Scientists are searching for signals in the brain that differentiate consciousness from unconsciousness.

Scientists are searching for signals in the brain that differentiate consciousness from unconsciousness.


Consciousness may be the product of carefully balanced chaos

Is my yellow the same as your yellow? Does your pain feel like my pain? The question of whether the human consciousness is subjective or objective is largely philosophical. But the line between consciousness and unconsciousness is a bit easier to measure. In a new study of how anesthetic drugs affect the brain, researchers suggest that our experience of reality is the product of a delicate balance of connectivity between neurons—too much or too little and consciousness slips away.

“It’s a very nice study,” says neuroscientist Melanie Boly at the University of Wisconsin, Madison, who was not involved in the work. “The conclusions that they draw are justified.”

Previous studies of the brain have revealed the importance of “cortical integration” in maintaining consciousness, meaning that the brain must process and combine multiple inputs from different senses at once. Our experience of an orange, for example, is made up of sight, smell, taste, touch, and the recollection of our previous experiences with the fruit. The brain merges all of  these inputs—photons, aromatic molecules, etc.—into our subjective experience of the object in that moment.

“There is new meaning created by the interaction of things,” says Enzo Tagliazucchi, a physicist at the Institute for Medical Psychology in Kiel, Germany. Consciousness ascribes meaning to the pattern of photons hitting your retina, thus differentiating you from a digital camera. Although the brain still receives these data when we lose consciousness, no coherent sense of reality can be assembled.

In order to look for the signature of consciousness in the brain, Tagliazucchi and his colleagues used a drug called propofol—an anesthetic drug used in surgery—to induce loss of consciousness in participants while they were inside a functional magnetic resonance imaging (fMRI) machine’s scanner. fMRI works by tracking blood flow in the brain, which can be used as a real-time proxy for electrical activity when neurons fire. The team recorded data from 12 participants in states of wakefulness, ongoing sedation, unconsciousness, and recovery.

The results, published online today in the Journal of the Royal Society Interface, show that brain activity varies widely between conscious and unconscious states. The difference may come down to how the brain “explores the space of its own possible configurations,” Tagliazucchi says.

During wakeful consciousness, participants’ brains generated “a flurry of ever-changing activity,” and the fMRI showed a multitude of overlapping networks activating as the brain integrated its surroundings and generated a moment to moment “flow of consciousness.” After the propofol kicked in, brain networks had reduced connectivity and much less variability over time. The brain seemed to be stuck in a rut—using the same pathways over and over again.

The results suggest that, in the brain, there is an optimal level of connectivity between neurons that creates the maximum number of possible pathways.

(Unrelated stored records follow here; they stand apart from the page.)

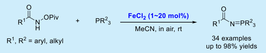 论文题目:Construction of N Acyliminophosphoranes via Iron(II)-Catalyzed Imidization of Phosphines with N Acyloxyamides.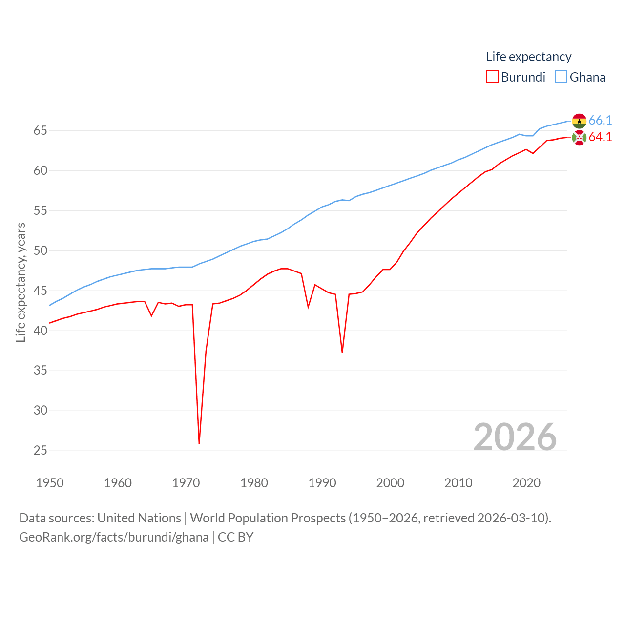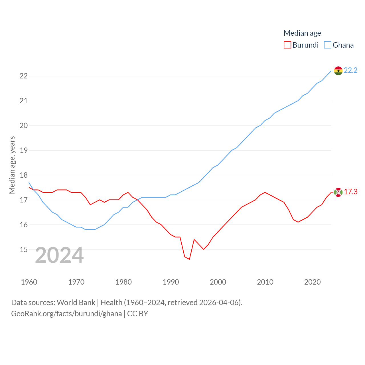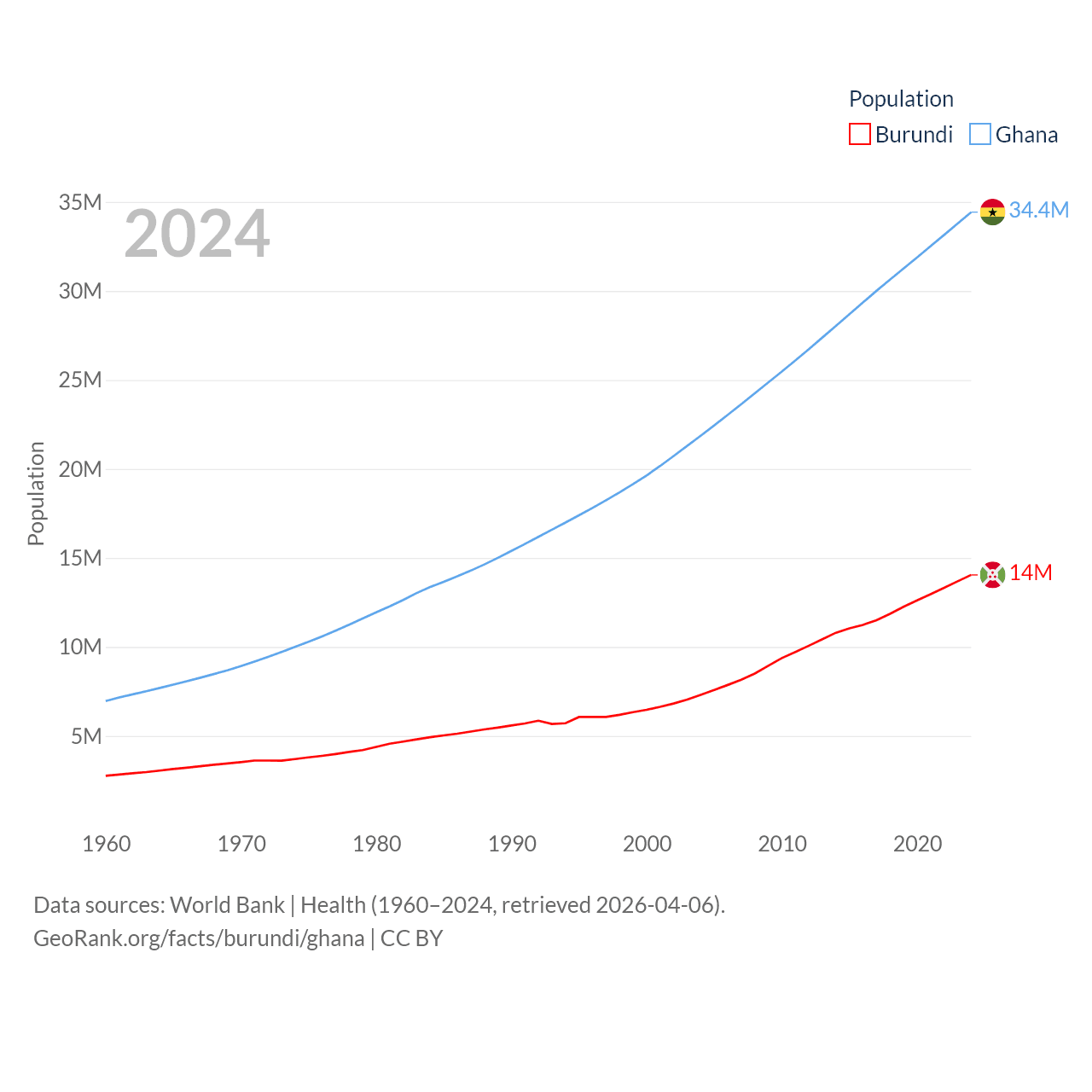 Burundi has a population of 14M (ranked 78/197), compared with 34.4M in Ghana (ranked 47/197). Burundi's land area is 9,915 sq mi versus 87,851 sq mi for Ghana (ranked 144th vs. 81st).
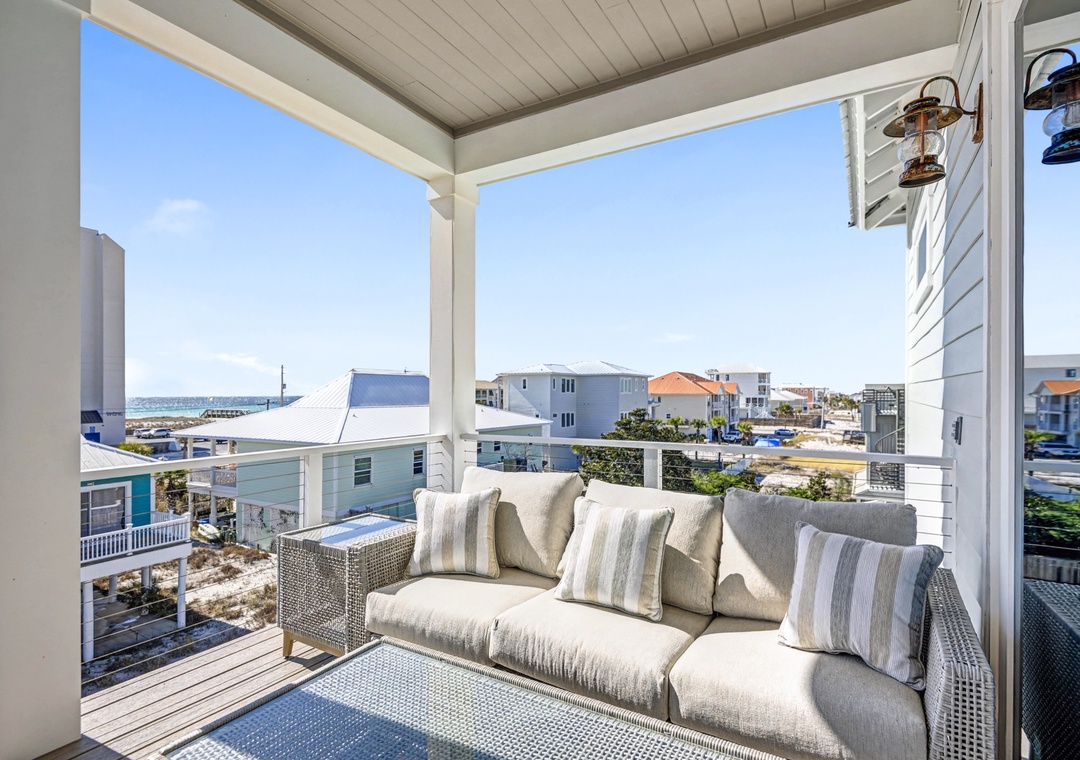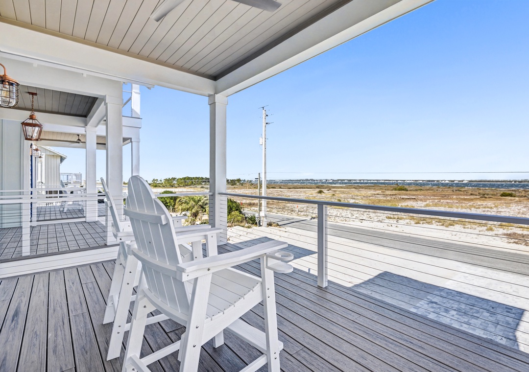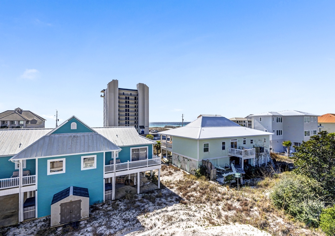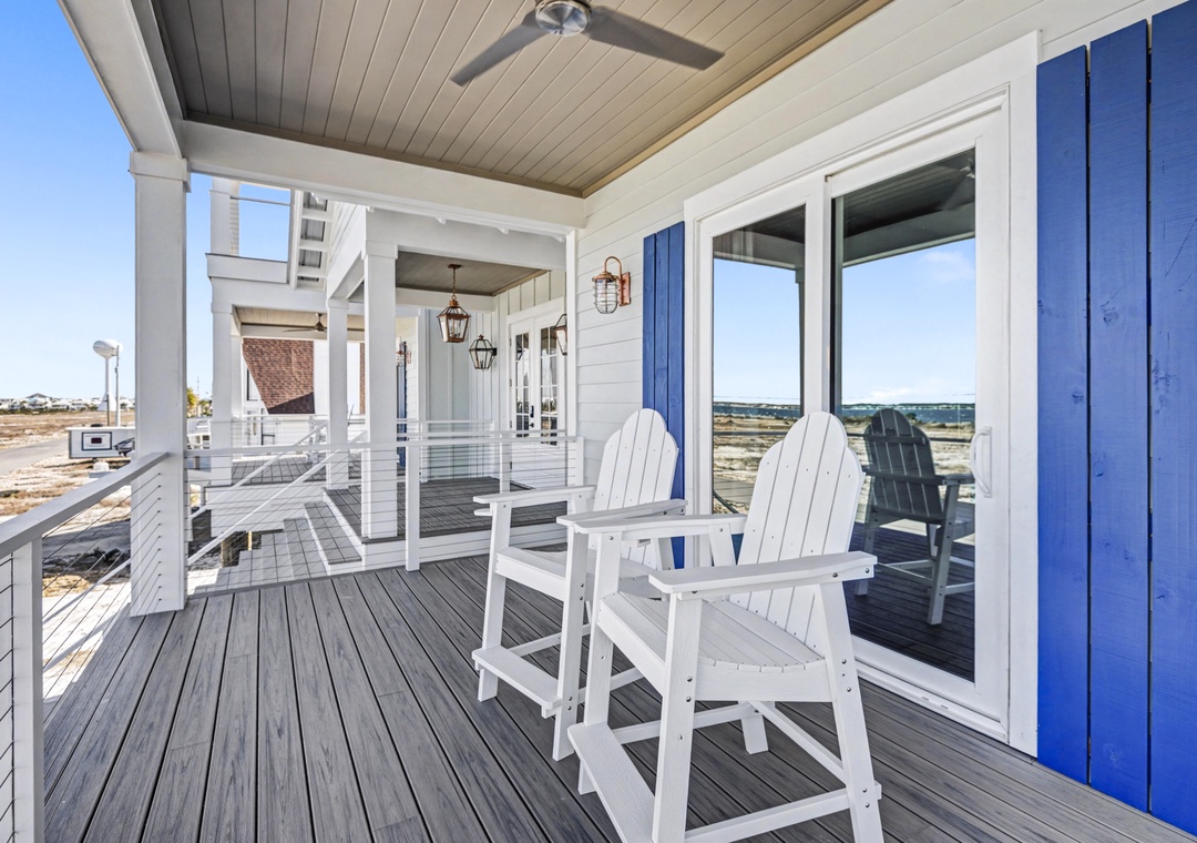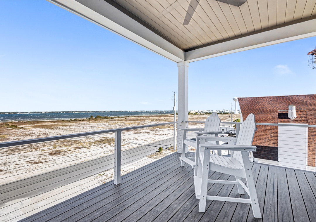 Take the elevator to any floor with ease, then step out to enjoy Gulf and dune views. Don't be scared to climb to the top to see the home’s standout feature—its spiral staircase leading to a prime rooftop viewing platform, offering panoramic scenery over the surrounding homes.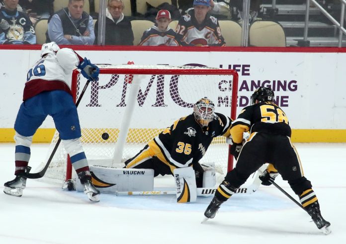 Valeri Nichushkin took the puck down the right side and cut around Pittsburgh defenseman Marcus Pettersson to the front of the net, then slid the puck by Jarry’s right skate for a 4-2 lead at 3:23 of the third.
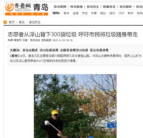 浮山新区街道相关负责人介绍,此次志愿活动共计清理出300余编织袋垃圾,他呼吁市民在登山时进一步增强环保意识,将产生的垃圾随身带走,保护青岛的绿肺。

If each neuron can be thought of as a node in the network, consciousness might result from exploring the network as thoroughly as possible. But the most diverse networks—the ones with the largest possible number of arrangements—don’t necessarily have the maximum amount of neuronal connectivity.

If every neuron in the brain were directly connected to every other neuron, however, the brain would become too homogenous, and one signal would become indistinguishable from the next, Tagliazucchi explains. “They all fire or they all stay quiet.” Instead, consciousness might emerge from a careful balancing that causes the brain to “explore” the maximum number of unique pathways to generate meaning, he says. The researchers call this balance point “a critical point.”

“[It’s] like cars exploring the streets of the city,” Tagliazucchi says. “If the cars move always in the same restrictive manner, if they move from point A to point B and back, at the end of the day you don’t really understand the city. But if the cars are thorough explorers and go through all possible parts of the city, you get a map that’s very close to the actual map of the city. At the critical point, the cars are exploring the streets in the optimal way.”

Unlike cars, though, the flow of electricity through our brains is not driven by some sentient force with will or intent. And, in fact, what causes the brain to move between states of consciousness and unconsciousness—to and from the critical point—remains unknown. “If you’re in a critical point, the brain is really chaotic,” Boly says. “If you’re far from there, it’s too monotonous or stable.”

That stability could explain what makes it hard to wake people from a coma. Tagliazucchi hopes that by understanding where the critical points lie, and how they’re maintained, we might eventually rouse coma patients from unconscious states, coaxing the brain to begin exploring its streets in just the right way.